Even though the interests of the researchers and partners were mostly aligned in this study, they were also partially in tension. In particular, the allocation of participants to the three conditions—control, info, and info + social—was tremendously imbalanced: 98% of the sample was assigned to info + social. This imbalanced allocation is inefficient statistically, and a much better allocation for the researchers would have have been 1/3 of the participants in each group. But, the imbalanced allocation happened because Facebook wanted everyone to receive the info + social treatment. Fortunately, the researchers convinced them to hold back 1% for a related treatment and 1% of participants for a control group. Without the control group it would have been basically impossible to measure the effect of the info + social treatment because it would have been a “perturb and observe” experiment rather than a randomized controlled experiment. This example provides a valuable practical lesson for working with partners: sometimes you create an experiment by convincing someone to deliver a treatment and sometimes you create an experiment by convincing someone not to deliver a treatment (i.e., to create a control group).
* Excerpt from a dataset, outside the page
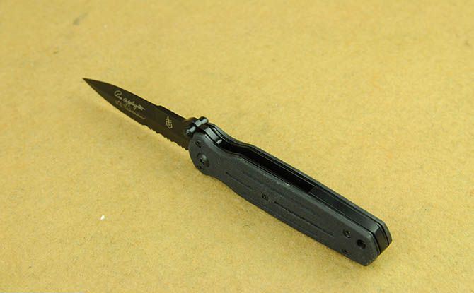 戈博4481全黑半齿战术折刀
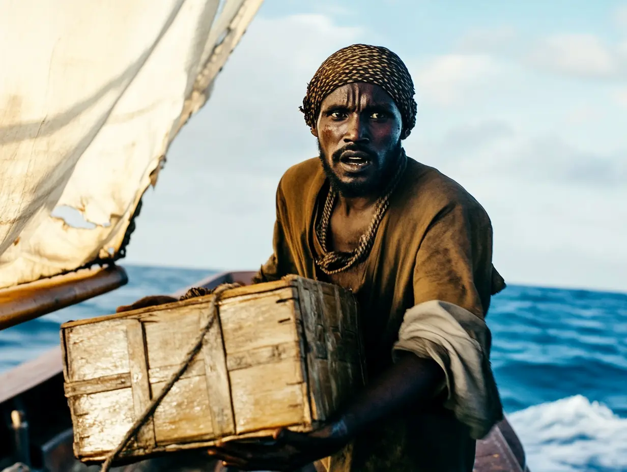 Σχοινιά αιωρούνταν από το πειρατικό σκάφος, κιβώτια που ήδη σύρονταν κατά μήκος του με μανιώδη βιασύνη. Φωνές ξέσπασαν καθώς οι άνδρες προσπαθούσαν να τελειώσουν το πλιάτσικο τους. Τότε ένας νέος ήχος διέσχισε το χάος – μια βαθιά, επιβλητική κόρνα που κυλούσε στη θάλασσα.

Partnership does not always need to involve tech companies and A/B tests with millions of participants. For example, Alexander Coppock, Andrew Guess, and John Ternovski (2016) partnered with an environmental NGO (League of Conservation Voters) to run experiments testing different strategies for promoting social mobilization. The researchers used the NGO’s Twitter account to send out both public tweets and private direct messages that attempted to prime different types of identities. The researchers then measured which of these messages were most effective for encouraging people to sign a petition and retweet information about a petition.
|Effect of Facebook News Feed on information sharing||Bakshy, Rosenn, et al. (2012)|
|Effect of partial anonymity on behavior on online dating website||Bapna et al. (2016)|
|Effect of Home Energy Reports on electricity usage||Allcott (2011); Allcott and Rogers (2014); Allcott (2015); Costa and Kahn (2013); Ayres, Raseman, and Shih (2013)|
|Effect of app design on viral spread||Aral and Walker (2011)|
|Effect of spreading mechanism on diffusion||Taylor, Bakshy, and Aral (2013)|
|Effect of social information in advertisements||Bakshy, Eckles, et al. (2012)|
|Effect of catalog frequency on sales through catalog and online for different types of customers||Simester et al. (2009)|
|Effect of popularity information on potential job applications||Gee (2015)|
|Effect of initial ratings on popularity||Muchnik, Aral, and Taylor (2013)|
|Effect of message content on political mobilization||Coppock, Guess, and Ternovski (2016)|
Overall, partnering with the powerful enables to you operate at a scale that is hard to do otherwise, and Table 4.3 provides other examples of partnerships between researchers and organizations. Partnering can be much easier than building your own experiment. But, these advantages come with disadvantages: partnerships can limit the kinds of participants, treatments, and outcomes that you can study. Further, these partnerships can lead to ethical challenges. The best way to spot an opportunity for a partnership is to notice a real problem that you can solve while you are doing interesting science. If you are not used to this way of looking at the world, it can be hard to spot problems in Pasteur’s Quadrant, but with practice, you’ll start to notice them more and more.